09/06/2026
Parks Vic / DEECA are conducting an aerial deer cull in Bunyip State Park next week. This is in addition to the two ground-based deer culls in Bunyip park over the past two months.
Now. I am well aware of the environmental damage caused by deer and this post is not intended as a defence of them. While I personally do not support the killing of healthy animals or culling programs in general, that is not the purpose of this discussion. I am not here to debate deer management or argue about deer with anyone.
My primary concern is the aerial cull. There are four wildlife shelters located along the boundary fenceline of Bunyip State Park, as well as countless native animals that live throughout the bushland. The potential impact on these animals and these wildlife shelters should have been carefully considered.
What happens when helicopters repeatedly fly low over forest habitats while firing gunshots into the bush? The result is significant stress, panic and disruption. It will disturb native animals, forcing them to flee, abandon nesting sites, separate from their babies, interrupt feeding and breeding behaviours and expend valuable energy.
The consequences will ripple through the entire forest, affecting countless wild animals and placing additional strain on vulnerable creatures recovering at the four local wildlife shelters, where repeated noise and disturbance will undermine their progress and jeopardise their path back to health.
Before these aerial shooting programs commence, DEECA, who oversee and issue shelter licences, should have directly notified these wildlife shelters. They should also be fully transparent about the specific safeguards in place to protect animals housed at these shelters, as well as non-target wildlife in the bush, including rehabilitated animals now living in and around the park.
Furthermore, this is a dense forest with a thick tree canopy cover. How can anyone honestly claim they can clearly identify and acurately kill every animal from a helicopter? According to a CSIRO aerial cull study "the mean number of bullet wounds per deer ranged from 1.43 to 2.57".
Does anyone verify on the ground that these animals have actually died? What happens to the carcasses afterwards?
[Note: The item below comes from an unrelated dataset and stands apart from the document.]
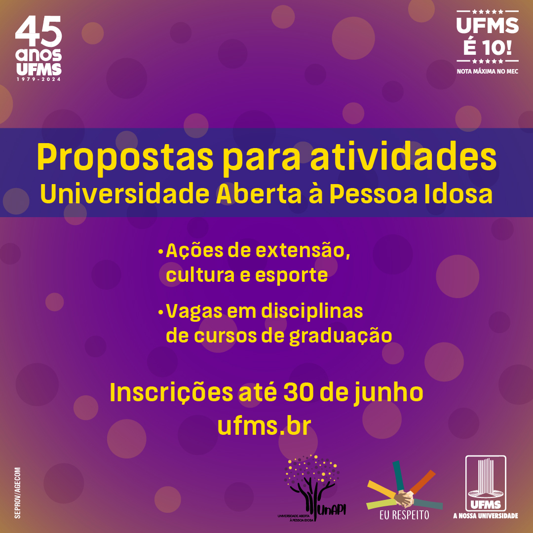 A diretora da Escola de Extensão, Liana Dessandre Duenha Garanhani, reforça que semestralmente são disponibilizadas vagas em diversas atividades e disciplinas isoladas em cursos de graduação presenciais para pessoas com 60 anos ou mais. “O Programa tem grande impacto na comunidade, pois atende mais de 1,1 mil pessoas idosas por semestre. Atualmente, a Unapi atende comunidades em cinco cidades de Mato Grosso do Sul, sendo elas Campo Grande, Coxim, Corumbá, Aquidauana e Três Lagoas. O objetivo da nossa Administração é ampliar o Programa para todas as cidades com câmpus da UFMS”, comenta.

There is already an unmanaged wild dog problem in the park. Could this program provide an additional food source for them and potentially make that problem worse?
As I write this, the Police helicopter is flying at 795 feet over my national park, it is way over the other side of the hill- 2.5kms away as the crow (or chopper) flies. They are not shooting from the aircraft.
Granted, the Police helicopter is larger and louder than those used during aerial culls but the helicopters used for aerial culls buzz the bush, typically flying as low as 150–500 feet. The Police were here for 7 mins, the cull will be 11hrs a day for 5 days straight.
Yet despite being much further away and posing no direct threat, the noise of the Police helicopter alone is enough to send my joeys into panic. They are terrified and highly distressed. Watching them react like this makes it impossible to accept claims that low-flying helicopters used in aerial culls have little or no impact on wildlife. If a helicopter nearly 2.5kms away can cause this level of fear and disruption, imagine the effect of chopper flying hundreds of feet lower while randomly shooting.